The file includes functions that address the following aspects: (1) SST Table metadata preloading (Table extension), (2) procedures related to cursor-based compactions (BasicVersionSet), (3) db_gen related internal functions, (4) miscellaneous functions for hLSM-tree, and (5) initialization (hlsm.runtime.init) and cleanup procedure.

db/hlsm_impl.h

In this file, we adjusted the calculation of compaction level score for each type of the tree.

db/lazy_version_edit.(cc|h)

It contains VersionEdit class adpated for hLSM-tree. During a compaction, a VersionEdit is created to record modifications to a Version instance. At the end of the compaction, the VersionEdit instance will be merged with the latest Version instance to create a newer Version.

db/lazy_version_set.(cc|h)

It contains VersionSet class adpated for hLSM-tree. Each DB instance has a single VersionSet class which contains several Version instances. One Version is the latest Version. The others are Version instances that are still referred by user thread or compaction thread.

db/table_cache.cc

The modifications in this file majorly address the mirrored table, which has two copies on two storage separately. We make sure that (1) there is only one cached content related to the two copies and (2) access to which copy is based on the policy pre-set during the initialization procedure.

db/version_(edit|set).(cc|h)

Effort in these files separate the interface and implementation of VersionEdit and VersionSet. Consequently, it allows us to dynamically instantialize VersionSet for hLSM-tree or LSM-tree according to the give mode.
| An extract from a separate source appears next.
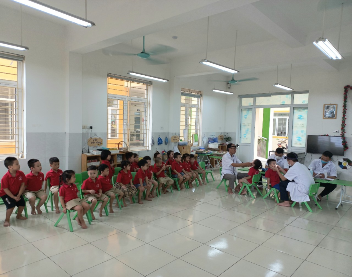 Sáng ngày 26/10 lớp MGN B2 phối hợp với trạm y tế xã tổ chức khám sức khỏe cho trẻ thành công. 100% trẻ ngoan phối hợp cùng các bác sĩ khám bệnh. Kết quả khám bệnh chủ yếu là các bệnh về răng miệng 8 cháu, một số con bị tai mũi họng 3 cháu, không có bệnh lý gì nghiêm trọng.

include/leveldb/hlsm_debug.h

This header contains debug function/macro wrappers. A typical debug wrapper has the form DEBUG_XX(level, do) where level is an unsigned integer. When a hLSM instance is launched, user can set a global variable, debug_level, so every debug wrapper call whose level is smaller than the debug_level will be executed. In addition, a counter can be set with the wrapper DEBUG_MEASURE_RECORD(level_, func_, tag) where the string tag is the counter's name/id. The specified counter records the total time on evaluating func_ and the number of calls to func_. On the exit of the hLSM-tree instance, we will print the content of all active counters to the debug file (default: /tmp/hlsm_log).
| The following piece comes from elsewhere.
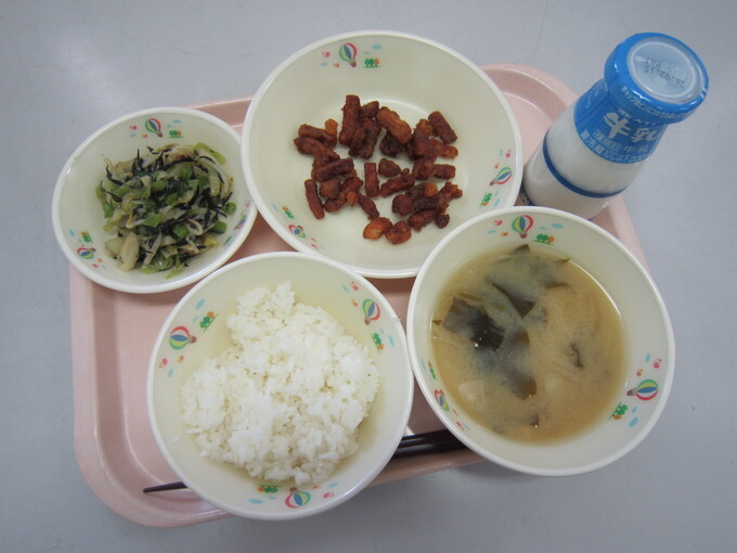 ごはん、牛乳、豚肉のかりん揚げ、しそひじきあえ、白みそ汁

include/leveldb/hlsm_func.h

This header provides utilities to (1) map between logical levels and physical levels in hLSM-tree (more details in section hLSM-tree level conversion) and (2) locate and check primary copy or secondary copy for mirrored table.

include/leveldb/hlsm_param.h

Collection of most tunable parameters and global variables (e.g. hLSM-tree helper thread handler) in hLSM-tree instance. Other parameters used for db generation can be found in db_bench.cc and db_gen.cc.
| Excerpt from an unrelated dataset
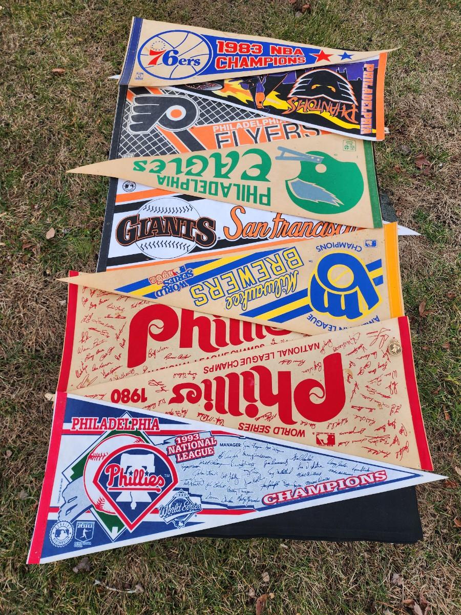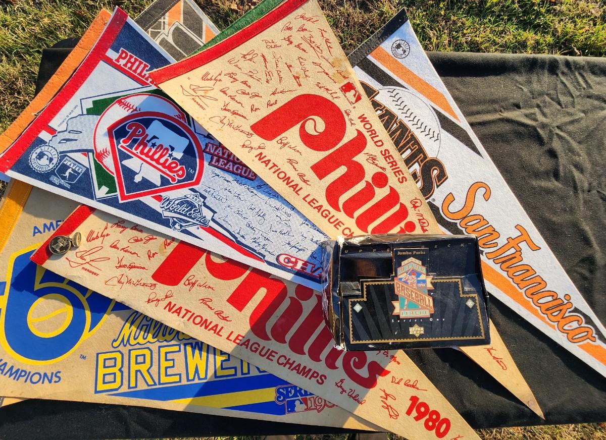 LOT 42:: Vintage Pennants and Box of unopened Upper Deck Card Packs

include/leveldb/hlsm_type.h

hLSM-tree related classes.

include/leveldb/hlsm_util.h

Contains class and utility functions related to YCSB key generation.

table/block_builder.(cc|h)

Modified to allow the same write buffer to be used by both primary and secondary storage under a mirrored scenario. Hence the buffer will be freed or reset only after the content has been written to both storages.

table/table.cc

The file is adapted to support unified caching for mirrored table.

util/env_posix.cc

Adds support for mirrored file.

util/hlsm_util.cc

(1) helper thread to perform I/O on secondary storage. It takes requests from two queues. The high priority queue involves read requests and pre-fetching requests that need to be served ASAP; the low priority queue contains compaction write requests and other posix I/O operations. (2) PosixBufferFile class implements a file class that first buffers all write content, then flush them to storage with direct I/O. The class is dedicated to compaction write on HDD storage. (3) FullMirror_PosixWritableFile class implements the mirrored file. It uses the helper thread to avoid I/O blocking upon HDD storage. (4) implementation of YCSBKeyGenerator.

Cursor Compaction

cursor re-organizes the compaction. It separates each level into two parts, left and right, which contains files without overlapped key ranges. L0.L is unchanged, which implies that files inside may overlap each other.

 		L0.L|L0.R
 		L1.L|L1.R
 		L2.L|L2.R
 		...

For each compaction, a file is picked from LX.L and merged to the L(X+1). The maximum size of L1.L and L1.R can still be calculated by MaxBytesForLevel.

In our implementation, we treat LX.L and LX.R as two adjacent levels, L(2X) and L(2X-1). Then we modified the compaction and ratio -related procedures to enforce the control of cursor.

When LX.R is full, we expect LX.L empty. If so, we can then rename LX.R as LX.L, and set LX.R empty.

hLSM-tree Level Conversion

primary storage secondary storage logical level physical level on primary physical level on secondary
L0.L|L0.R L0.L|L0.R LL0 L1|L0 L1|L0
L1.L|L1.R L1.NEW|…|R2|R1 LL1 L3|L2 L?|…|L3|L2
......
X.L|X.R …|R2|R1 LLX (end of 2-phase level)
X+1.L|X+1.R X+1.L|X+1.R LL<X+1>

Note that we mirrored L0.L and L0.R. Last 2-phase logical level (set by hlsm::runtime::two_phase_end_level) has no LX.NEW level. Last level (or set hlsm::runtime::mirror_start_level) is fully mirrored. The LX.NEW on secondary indicates that the level has been lazily copied from the primary; R1, R2, ... stand for the delta levels; The physical level indicates how the levels are really organized within each Version instance.